Les responsables du parti d’extrême droite Rassemblement national se sont fait plus discrets. Ils avaient également proposé de libérer du « temps médical » en déléguant certaines tâches aux pharmaciens et infirmiers.

Ce plan suffira-t-il à sauver le système de santé français ? Une instance représentative des infirmières s’est dite satisfaite tandis que les syndicats de médecins généralistes ont exprimé leur forte déception.

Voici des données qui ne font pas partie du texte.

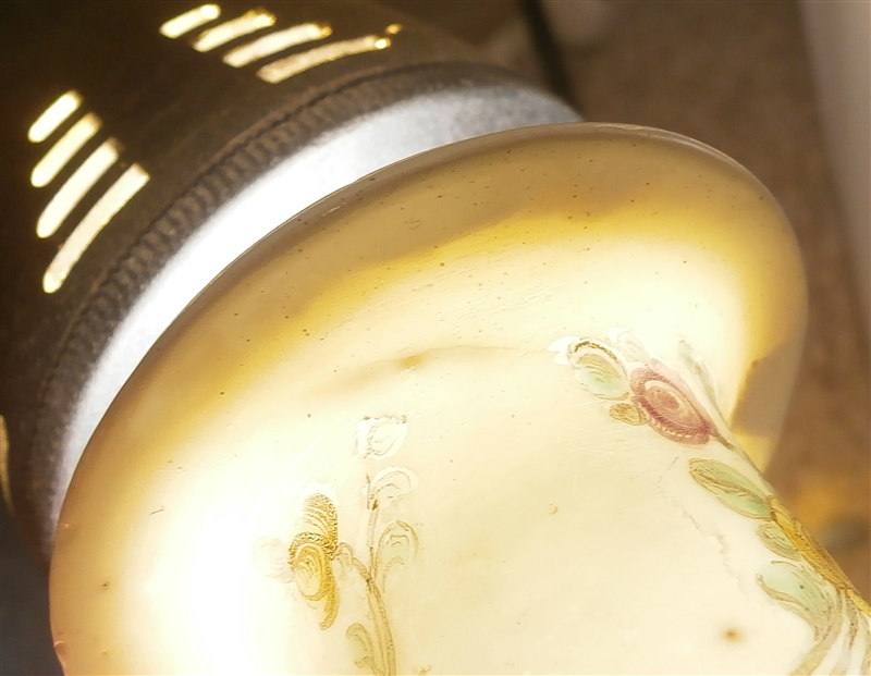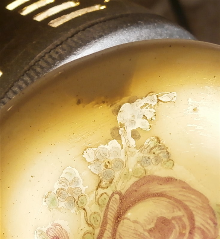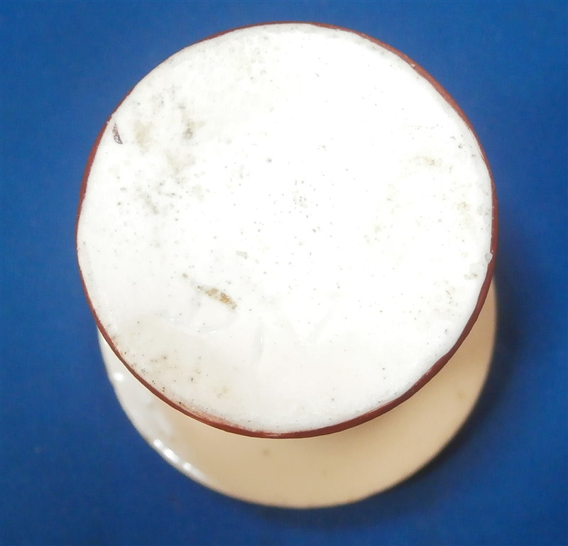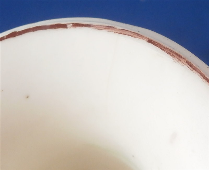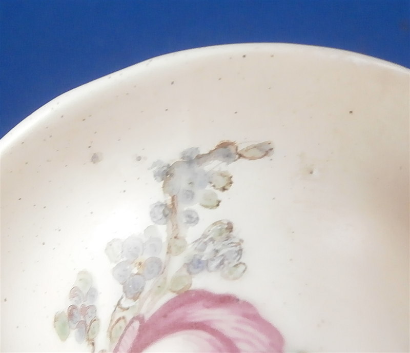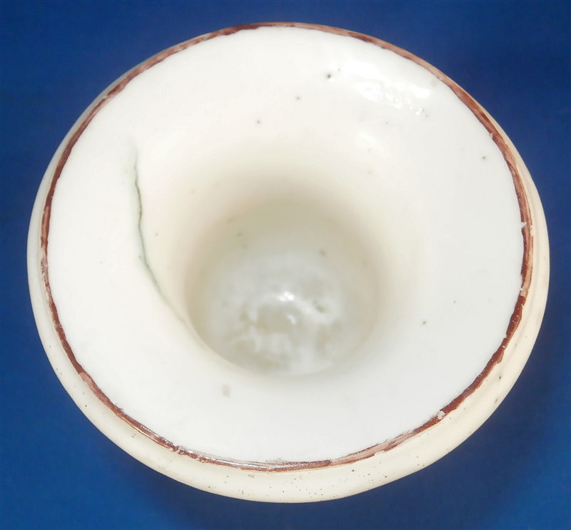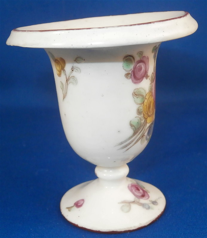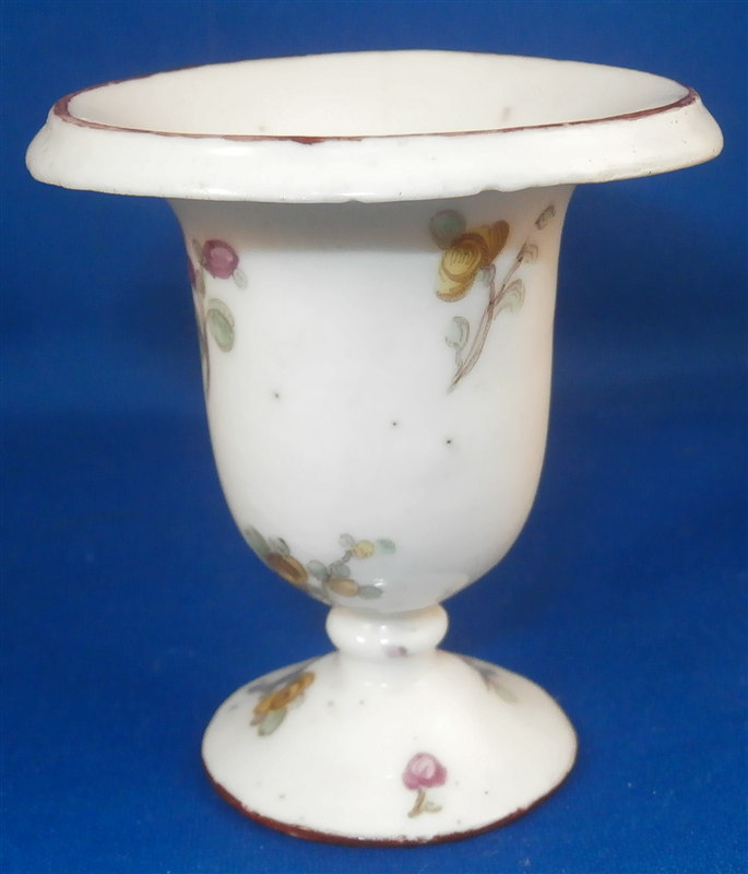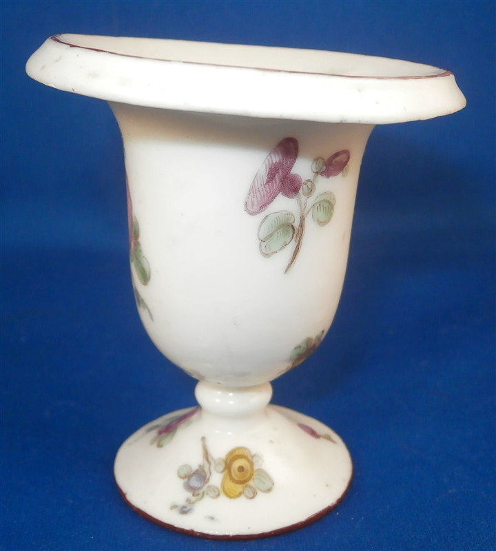 This is a fun litte urn / vase made by Mennecy in the 18th century. It is made of softpaste porcelain and thus has a creamy warm white color and the enamel colors look quite different from the usual hard paste one sees much more often. The vase is hand painted nicely with a floral arrangement as well as some scattered flowers and a reddish brown trim. This would go well with the pedestal I own. The piece is marked with the incised D.V mark as shown. The vase displays perfectly but has had two spots along the edge repaired. Looks like two chips as well as a hairline. Perfectly repaired. There is also a firing crack on the inside top which is fairly typical for them which was just painted in green a bit to cover it. The vase has sagged a bunch during firing which is evident in the pics. A charming and rare survivor nontheless! It is 2.725 inches tall and 2.375 inches in diameter. Please email me for more information or other pictures.

Roselyne Bachelot, pharmacienne de profession et ancienne ministre de la santé, a déclaré à la télévision France 5 que « le problème n’est pas d’abord à l’hôpital, mais avec la médecine de premier recours ». « Nous sommes au bout du chemin des politiques incitatives, elles ont globalement échoué », a-t-elle déclaré.

Nous sommes intéressés par votre expérience d’utilisation du site.

M. Macron a renouvelé vendredi ce pari incitatif, en promettant de revenir pour continuer à regarder « ce qui marche et ce qui ne marche pas » et s’assurer « avant tout, qu’il soit mis en oeuvre ». Mais le président a concédé avec réalisme que « dans les années à venir (…) nous vivrons dans une situation qui se dégrade ».

Lire la suite Plan hospitalier français: une pilule, si elle ne guérit pas, fera l’affaire pour l’instant

Traduction d’un article original publié en français sur lemonde.fr ; l’éditeur ne peut être responsable que de la version française.

Soyez le premier à commenter

Poster un Commentaire

Votre adresse de messagerie ne sera pas publiée.